The MST settlements that are considered in transition are preparing their operations to transition from a production system that is similar to industrial agribusiness into organic, and from organic into an agroecological production system.
One of the main differences between an organic and agroecological seal is the human factor: the former has been incorporated by capitalist agribusiness, and can even be produced in large estates with almost completely mechanized crops, and with few or no rural workers involved, as this system is based on food processing centers.
On the other hand, agroecology promotes pre-industrial farming techniques that are still used in small family farms and are less harmful to ecosystems, combining them with modern scientific knowledge to make sure good soil and water conditions and the habits and needs of the local fauna are respected.
For example, crop rotation in agroecology is based on the eating habits of the small farmers who grow them, and not on big farmers' financial plans. This process creates a more diversified production and helps to replenish nutrients in the soil.
“Agribusiness farmers claim they have the conditions to solve the problem of chemicals in agriculture, but we believe that is not true. Only those who are in the countryside every day, in small farms, in agrarian reform land, know how to grow agroecological products. It’s not a tractor or a machine that makes agroecology. It’s about the relationship with the land, and about giving the land what it needs,” Fornazieri explains.

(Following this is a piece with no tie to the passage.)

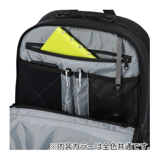 多様化するビジネススタイルにフィットする、スタイルと実用性を兼ね備えたシリーズ。メインルームは収納物の仕分けに便利な上下2層仕様となっており、内装仕切りファスナーを開くと大容量の1層タイプにすることができます。リュックの背面生地は、生地を傷めにくく毛玉になりにくいジャケットフレンドリー構造。キャリーオン機能付き。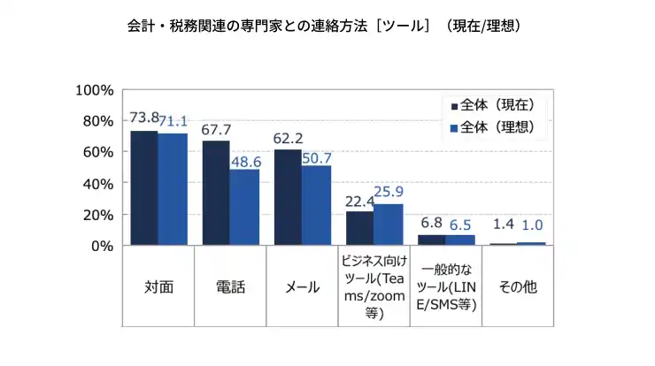 「電話」の利用意向は大きく減少する一方、「ビジネス向けツール(Teams、Zoom等)」への期待が高まっている様子が窺えます。 |

Large-scale agribusiness has also taken advantage of the huge public debate around healthy food as a way to increase its profit margins – even though organic production is different from traditional agribusiness practices, organic products do not need to be more expensive. Agrarian reform settlements, for example, make an effort to balance their costs and still offer consumers fair prices.
“There is a lot of misinformation about how much organic and agroecological products cost. Those who are doing it to make a profit think that they can charge more and take advantage of consumers just because they grow organic food. We are engaged in a big debate to have fair prices both for producers and consumers. If costs increase compared to the traditional agribusiness system, there can’t be an exploitation process like the one these large organic estates across Brazil are doing,” Fornazieri said.